Based on https://examples.dask.org/bag.html#Create-Random-Data

In [4]:
import dask
import json
import tempfile

td = tempfile.TemporaryDirectory()
dask.datasets.make_people().map(json.dumps).to_textfiles(f'{td.name}/*.json')

['/var/folders/tt/4f941hdn0zq549zdwhcgg98c0000gn/T/tmpuxyspq3f/0.json',
 '/var/folders/tt/4f941hdn0zq549zdwhcgg98c0000gn/T/tmpuxyspq3f/1.json',
 '/var/folders/tt/4f941hdn0zq549zdwhcgg98c0000gn/T/tmpuxyspq3f/2.json',
 '/var/folders/tt/4f941hdn0zq549zdwhcgg98c0000gn/T/tmpuxyspq3f/3.json',
 '/var/folders/tt/4f941hdn0zq549zdwhcgg98c0000gn/T/tmpuxyspq3f/4.json',
 '/var/folders/tt/4f941hdn0zq549zdwhcgg98c0000gn/T/tmpuxyspq3f/5.json',
 '/var/folders/tt/4f941hdn0zq549zdwhcgg98c0000gn/T/tmpuxyspq3f/6.json',
 '/var/folders/tt/4f941hdn0zq549zdwhcgg98c0000gn/T/tmpuxyspq3f/7.json',
 '/var/folders/tt/4f941hdn0zq549zdwhcgg98c0000gn/T/tmpuxyspq3f/8.json',
 '/var/folders/tt/4f941hdn0zq549zdwhcgg98c0000gn/T/tmpuxyspq3f/9.json']

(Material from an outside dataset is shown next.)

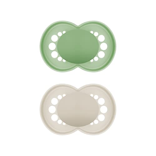 MAM Original Lot de 2 tétines, respectueuses des dents, fabriquées à partir de matériaux durables et biologiques renouvelables, en silicone MAM SkinSoft, avec boîte à tétine, pour bébé de 6 à 16 mois,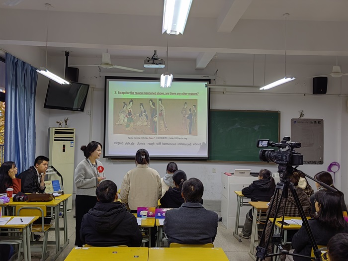 本次教学大赛分为单元教学设计和现场教学展示两部分。在教学展示中,主讲教师冷冰现场陈述对授课素材的整体教学设计,展示单元教学过程中教学目标的设定和具体实施之间的逻辑关系,并基于整体教学设计中的具体版块进行了20分钟的授课演示。我院外语教学团队选择“中国服饰文化”的单元主题,选取单元课文分析和讲述中国故事部分进行教学展示,以学生为中心、项目产出为导向,设计出包括看图说话、视频讨论、讲述中国文化故事等形式多样的教学环节。整个教学过程引导学生全面、深入地理解中国传统服饰文化,及其在当代中国的创新,引导学生坚定文化自信,运用英语更加系统、精准地讲好中国故事,提升学生的跨文化国际传播能力。

Note data is in https://jsonlines.org format:

In [5]:
!head -n 2 {td.name}/0.json

{"age": 34, "name": ["Arlie", "James"], "occupation": "Ship Broker", "telephone": "+1-341-662-1903", "address": {"address": "584 Beeman Bayou", "city": "McKeesport"}, "credit-card": {"number": "2524 7603 9393 8305", "expiration-date": "07/19"}}
{"age": 56, "name": ["Heath", "Ochoa"], "occupation": "Traffic Warden", "telephone": "+1-843-811-6941", "address": {"address": "890 Ada Glen", "city": "Ramsey"}, "credit-card": {"number": "3448 503627 97253", "expiration-date": "02/16"}}


# Dask

Read, load, and filter the data using the Dask Bag API:

In [6]:
import dask.bag as db

b = (
    db
    .read_text(f'{td.name}/*.json')
    .map(json.loads)
    .filter(lambda record: record['age'] > 30)
    .filter(lambda record: record['name'][0].startswith('A'))
    .filter(lambda record: record['name'][1].startswith('B'))
    .filter(lambda record: record['occupation'].startswith('C'))
    .map(lambda record: (" ".join(record['name']), record['age'], record['occupation']))
)
b.compute()

[('Adaline Britt', 57, 'Cleaner'),
 ('Archie Bowen', 62, 'Cartoonist'),
 ('Alishia Burch', 31, 'Chiropodist'),
 ('Alia Bryant', 47, 'Chauffeur')]

# Beam

Read, load, and apply the same filters using the Beam API.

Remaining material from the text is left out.